Records drawn from a dataset
►

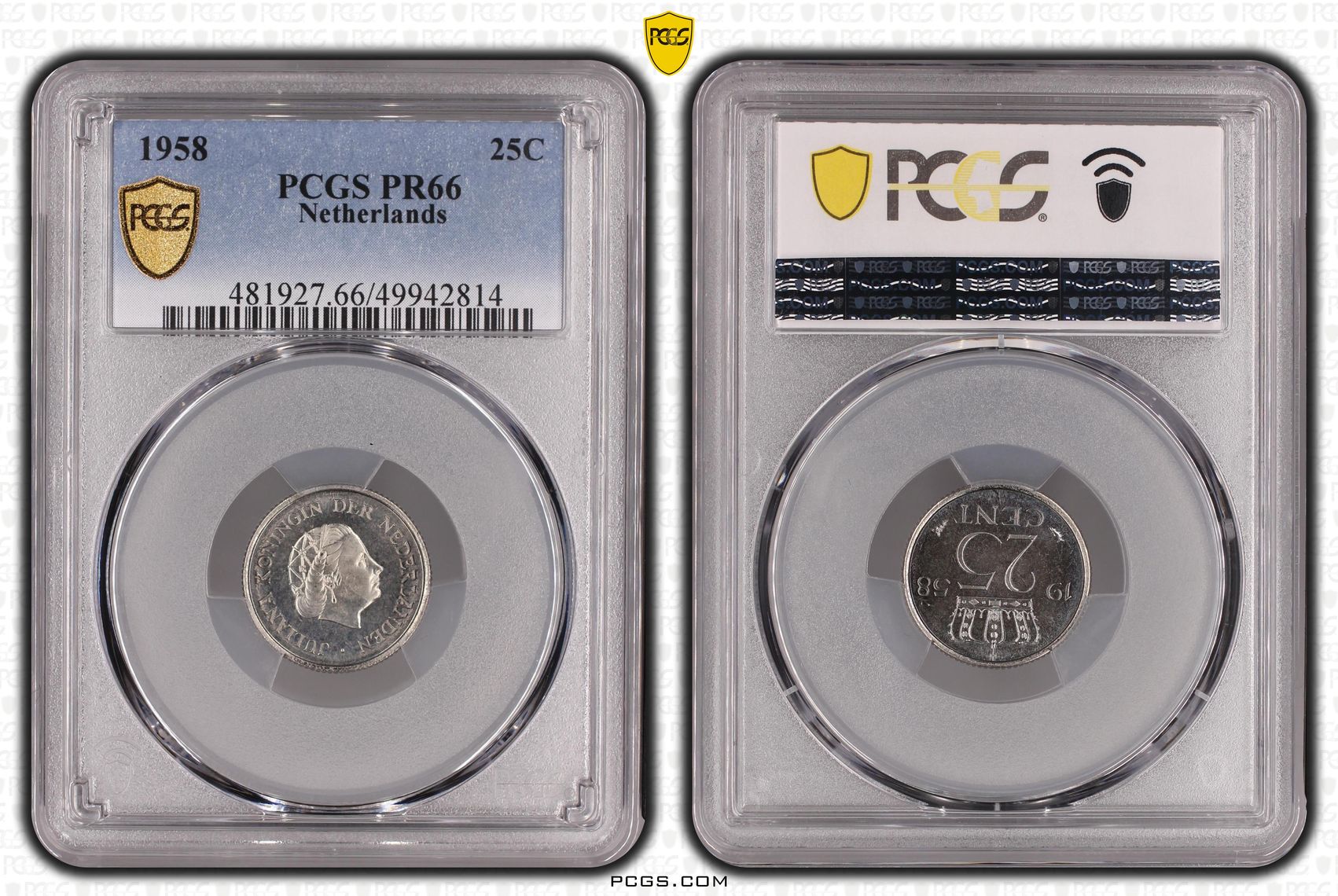 Koningin Juliana 25 cent 1958 Proof PCGS PR66 (pop 3/1)
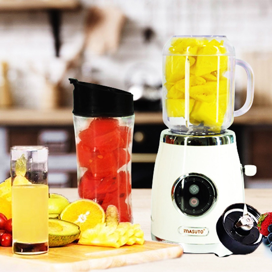 Máy xay sinh tố đa năng Masuto Blender 2 cối 0,6L say đá hạt siêu nhuyễn mịn chỉ 10s TẶNG 30 KHẨU TRANG 4D
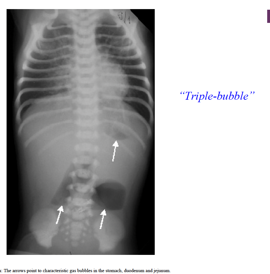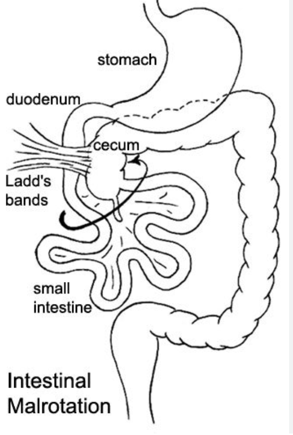 causes displacement of cecum to right upper abdominal quarter and obstruction of duodenum by Ladd’s band
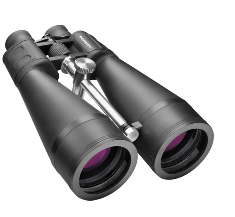 Providing pinnacle-performance views at a bargain-basement price, our new Orion 20 x 80 Astronomy Binoculars pack a visual punch usually reserved for astronomy binoculars with a much larger price tag. With top-quality features such as high-transmission BAK 4 prisms, fully multi-coated optics, and gigantic 80mm (3.14") aperture objective lenses, the affordably-priced Orion 20 x 80 Astronomy Binoculars will astound you and your friends with its amazing viewing capability.The giant 80mm objective lenses gobble up light from objects in the night sky, yielding bright views with exceptional contrast and sharpness. These big and powerful binoculars gather over 30% more light than 70mm aperture models for brighter views of cosmic curiosities. An integrated heavy-duty tripod adapter lets you easily attach the binocular to any field tripod or binocular mount, which is recommended for extended use. So go ahead, grab more light from the night sky with a pair of Orion 20 x 80 Astronomy Binoculars tonight!
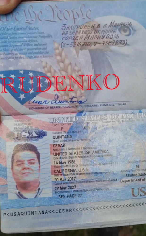 π·πΊπΊπΈπΊπ¦ A serviceman of the Russian Army with the call sign "Kerch" shows the passport of a killed mercenary (Cesar Quintana) from the United States, who fought on the side of the nationalists in Mariupol.
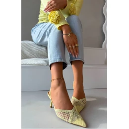 Sandály z pleteniny na jehlové podpatku žluté Hanelis
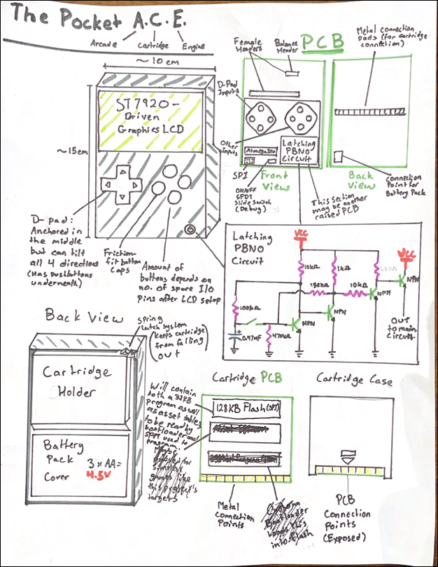 DESCRIPTION The Pocket ACE will consist of a main PCB (might be two, to account for height differences in parts), which will house the inputs, GLCD display, and MCU, as well as several cartridge PCBs, which will have pads along the edge similar to a modern RAM chip or SD card. The cartridges will each house an SPI NOR flash IC. The main board will have an onboard edge pin connector which the cartridges will be swappable in and out of. On startup, the MCU’s custom-written bootloader will check for an inserted cartridge, and if there is one, read the first 32 KB of its flash memory where the program will be stored, and execute self-program memory (SPM) to program its own flash page by page. The program will then be run. The rest of the cartridge memory will be used to store asset tables if necessary (sprite tables, sounds, etc.) although the simple games which this project targets may not utilize this section of memory. MCU 328p DESIGN This project will include a main PCB (maybe two to account for height differences in parts) and several identical cartridge PCBs, which will connect to the main PCB through an edge pin connector and edge pins. All 3D modelling (for both main device and cartridges) will be done in fusion, and PCB design on EasyEDA Pro. PCBs will be ordered through JLCPCB. COMMUNICATION The cartridges, which will house SPI NOR flash ICs, will communicate with the MCU through SPI communication. MECHANICAL N/A |
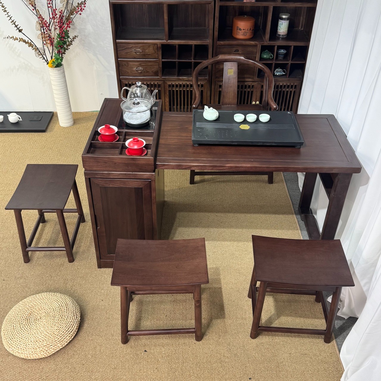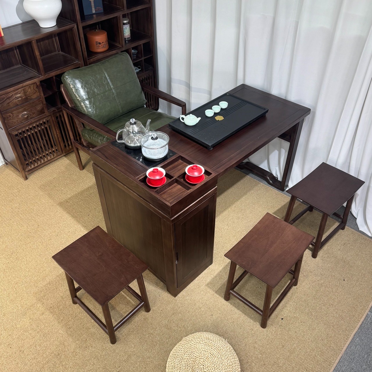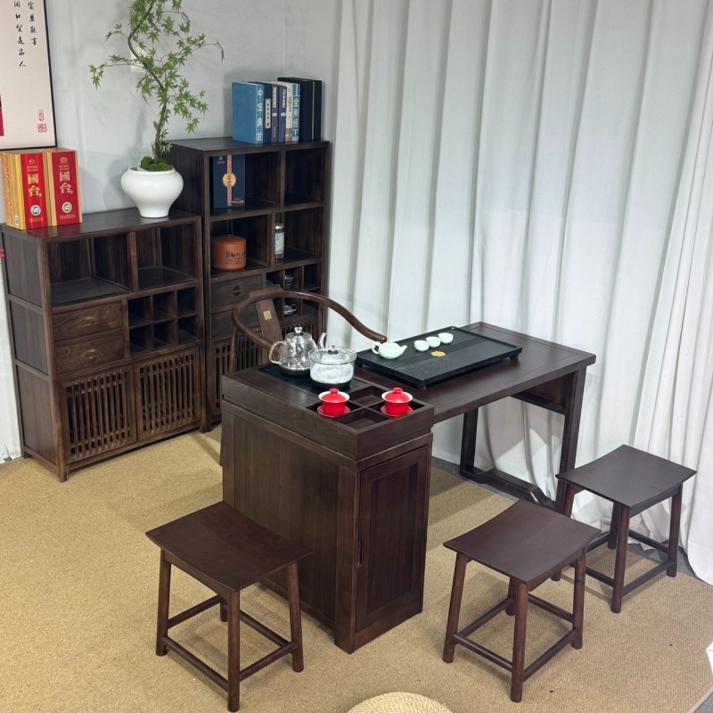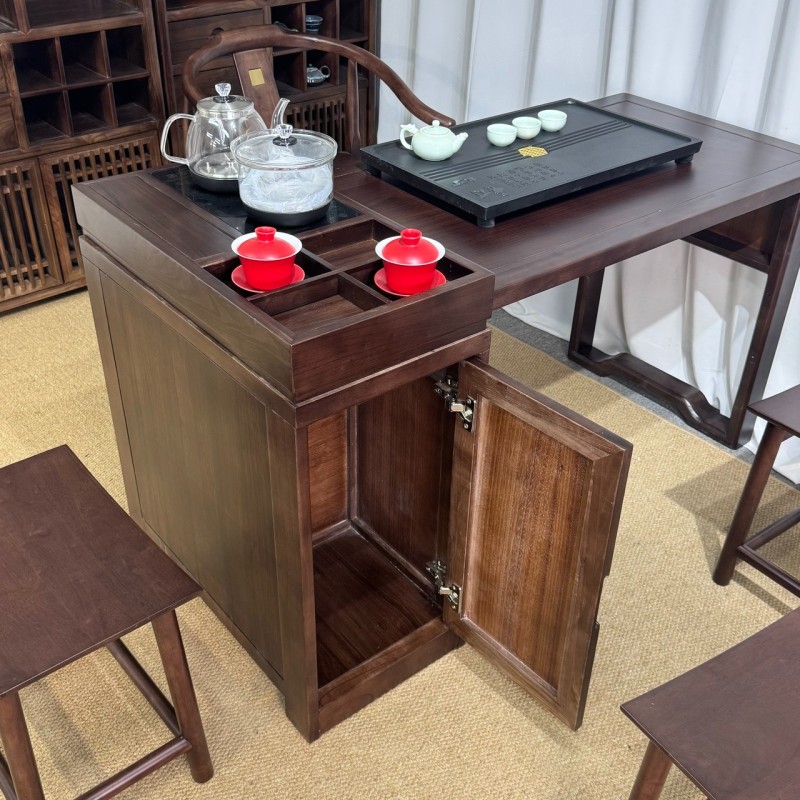 型号: 小岛台 材质: 橡木乌金工艺 颜色: 宋式胡桃色 配置: 单桌【含USB接口】+1主椅+3个元宝凳+养生炉+60*37茶盘【1.2米1.4米伸缩】

◄

EXERCISE REQUIREMENTS – Go from the first line of the data above to the line containing "causes displacement of" and retype exactly those lines, both included, but none of the pictures.

RESPONSE TO THIS EXERCISE –
 Koningin Juliana 25 cent 1958 Proof PCGS PR66 (pop 3/1)
 Máy xay sinh tố đa năng Masuto Blender 2 cối 0,6L say đá hạt siêu nhuyễn mịn chỉ 10s TẶNG 30 KHẨU TRANG 4D
 causes displacement of cecum to right upper abdominal quarter and obstruction of duodenum by Ladd’s band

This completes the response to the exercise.